I want to get an idea of the best practices for reusing accessor methods on new composite types with similar fields. The biggest tip for method reuse in general seems to be informal interfaces. When types have dissimilar fields, writing interface methods for each one is a necessity because they work differently. However, it’s tedious when the new types just contain other types, so all I write are accessors that do the same thing but for differently nested fields. For a double inheritance-ish example:
# in practice, types would have more fields and more accessors
struct Wheel radius end
get_wheel_radius(w::Wheel) = w.radius
struct Seat height end
get_seat_height(s::Seat) = s.height
get_wheel_radius(u::Unicycle) = get_wheel_radius(u.wheel)
get_seat_height(u::Unicycle) = get_seat_height(u.seat)
The example with 2 accessor functions on 2 types each doesn’t look so bad, but it gets old with more accessors and types and with fields nested at different levels.
So I’m thinking that I can avoid this by carefully designing “component” types with little overlap and make my accessors work only on types containing such components on one level, like so:
# component types
struct Wheel radius end
struct Seat height end
# types the accessors work on
struct OnlyWheel wheel::Wheel end
struct OnlySeat seat::Seat end
get_wheel_radius(x) = x.wheel.radius
get_seat_height(x) = x.seat.height
The example is actually the same number of code lines as before, but instead of writing new accessors, I just need to write an extra containment struct Only___ for each new type.
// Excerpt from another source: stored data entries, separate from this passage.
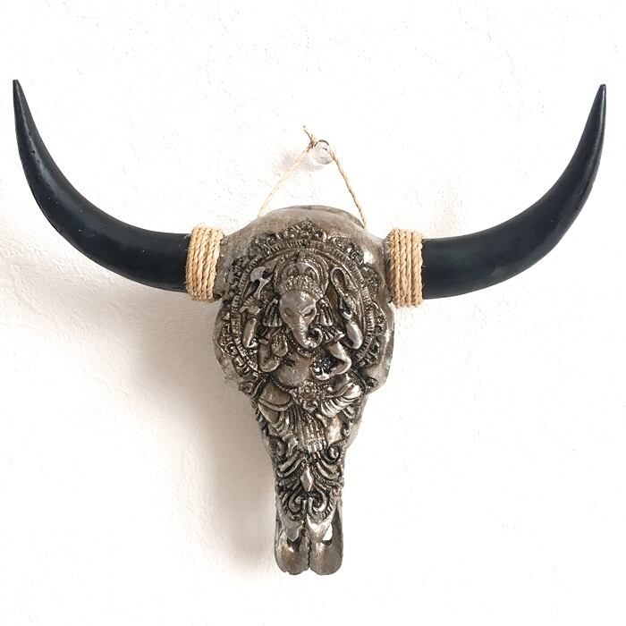 ネイティブアメリカン カウスカル オブジェ牛 ガネーシャ 骸骨(シルバー)【バリ直輸入】
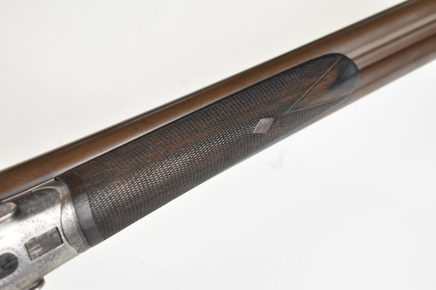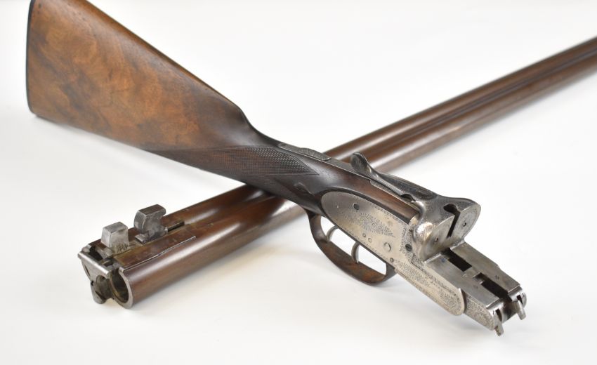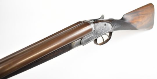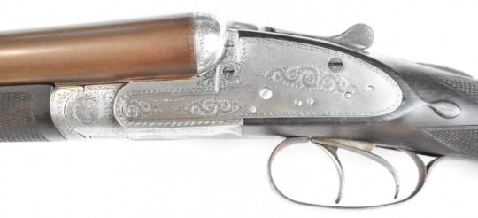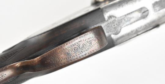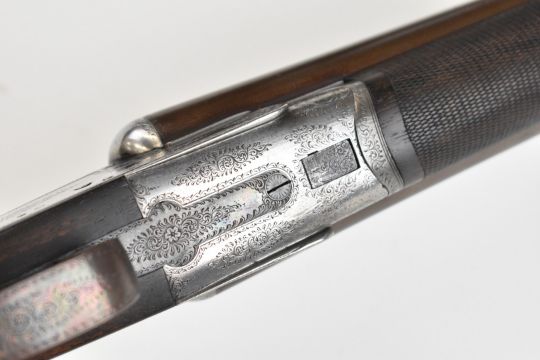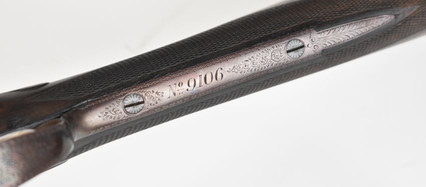 Robert Jones of Liverpool 12 bore sidelock side by side shotgun with named and engraved locks, engraved underside, trigger guard, top plate, thumb lever and fences, chequered grip and forend, carved teardrop to the wrist, vacant cartouche to the underside of the stock, double trigger and named 30 inch Damascus barrels choked ¾ and improved cylinder, overall length 118cm, length of pull 35.5cm, serial number 9106. PLEASE NOTE THAT A VALID RELEVANT SHOTGUN CERTIFICATE IS REQUIRED TO VIEW OR PURCHASE THIS LOT AND FOR ALL SHOTGUNS OR RIFLES PLEASE ENSURE YOU HAVE THE RELEVANT CERTIFICATE BEFORE BIDDING.
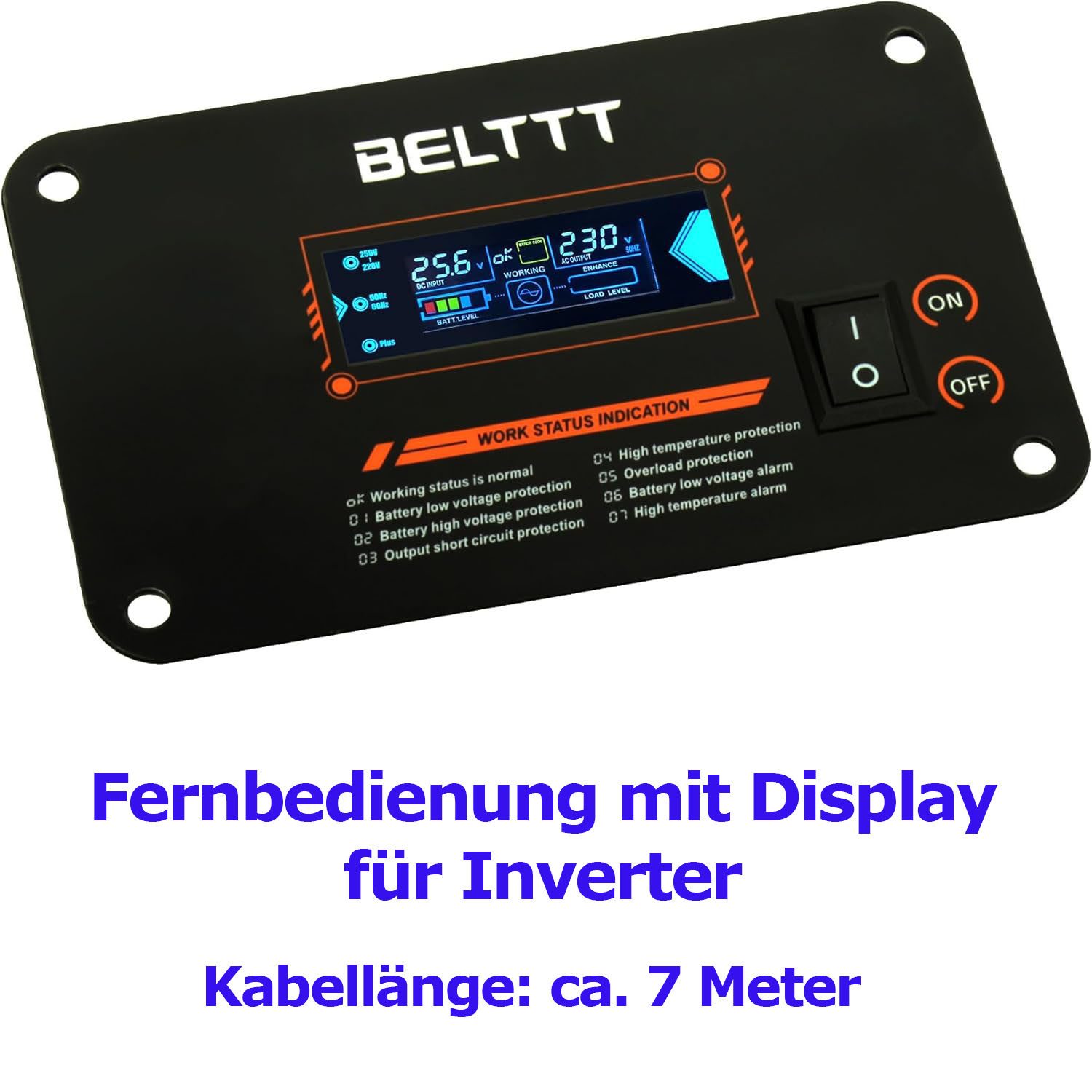 Mit der optionalen Fernbedienung kann der Wechselrichter bequem gesteuert werden. Das Verbindungskabel hat eine Длина von etwa 7 Metern, was Flexibilität bei der Platzierung ermöglicht. Auf dem LED-Display des Fernbedienungspanels können Sie den Betriebszustand des Wechselrichters überwachen und ihn nach Bedarf ein- oder ausschalten.

Still, I’m not sure how good of an idea this is for a few reasons:
Instead of making a 15-component type a field of a derived type, I have to paste all 15 components into the derived type to use those accessors. This sacrifices clarity of what I’m deriving the type from.
OnlyWheel(Wheel(3.5)) is an aesthetic minus
stuck with naming the field for a component the same thing in all types, though the clarity isn’t too bad
I’m wondering if anyone else has tricks and tips for this specific kind of type extension.
I did read up on Lazy.@forward and ReusePatterns.@forward, but I wasn’t really sure how much they would help. I’m trying to reuse accessor methods for any number of new composite types without writing extra code for each type, but both versions of @forward seem to need to be written for each forwarded field and each type. Granted, it seems more easily written and less typo-prone than the first code example in my post.
Other than @forward I can only think of the obvious solutions:
function get_wheel_radius(x :: T) where T
if hasfield(T, :wheel) && isa(getfield(x, :wheel), Wheel)
error("$T has no wheels")
This hard wires field names (not good). One could probably cook up a loop that defines accessor functions for a list of fields without having to repeat the same code over and over again for each field. I doubt that is even less code than @forward.
Another option might be traits. But defining a hasWheel trait for each object also doesn’t look better than @forward.
Why exactly are you writting getters and setters? There is a reason for that? Otherwise I would recommend defining in the interface that the objects must have a field X of type Y and just have this field. If things change, or are different internally, you can just overload Base.getproperty and Base.setproperty!.
I try to avoid committing to field names in most of my methods in case I decide those fields aren’t so crucial (which happens more often than I should, probably). As for getproperty, I only rarely use it to control field access because I have to put all the logic for a type in one method, whereas with several accessors, I can more easily tweak one part without affecting another.
Ok, it is an entirely reasonable reason. I have some points:
Your composition may be a part of the public interface, not an implementation detail. So your vehicle should not have a get_wheel_radius but instead a get_wheel that return an object that answers to get_radius. If some attribute pertains to an inner object I am not sure if you should be creating a new getter just to access it in a single go. This, as you pointed out, is not very scalable and will lead to a lot of boilerplate code for each new level of nesting.
At some point, future-proofing becomes an anti-pattern. The impression I have is that the interface is not yet solid. Is the cost of changing it after so high that you need to put everything behind a layer of indirection? It would not be best to just use fields directly, and if they disappear or change, just change the code that uses them? Encapsulation is a pattern thought for the cases the code that depends on your object is orders of magnitude larger than the code for the object itself. If this is not for a library to be widely used by the community, then this level of future-proofing/encapsulation may cause more headaches than it prevents.
I fail to see a better solution than a generic get_X that always get a field named X and for which you extend specific methods for new Types that does not follow this pattern (i.e., X is computed only when asked, or maybe is in an nested object). How it could become better than that? The compiler has no way to guess what you want, it needs to be made explicit at some point.
Good points, the indirection probably won’t save me any time in the short or long run at a stage where nothing is set in stone yet. Nothing wrong with field access in methods on concrete types and using getters to extend these methods onto derived types; at least I know I can keep the concrete methods around.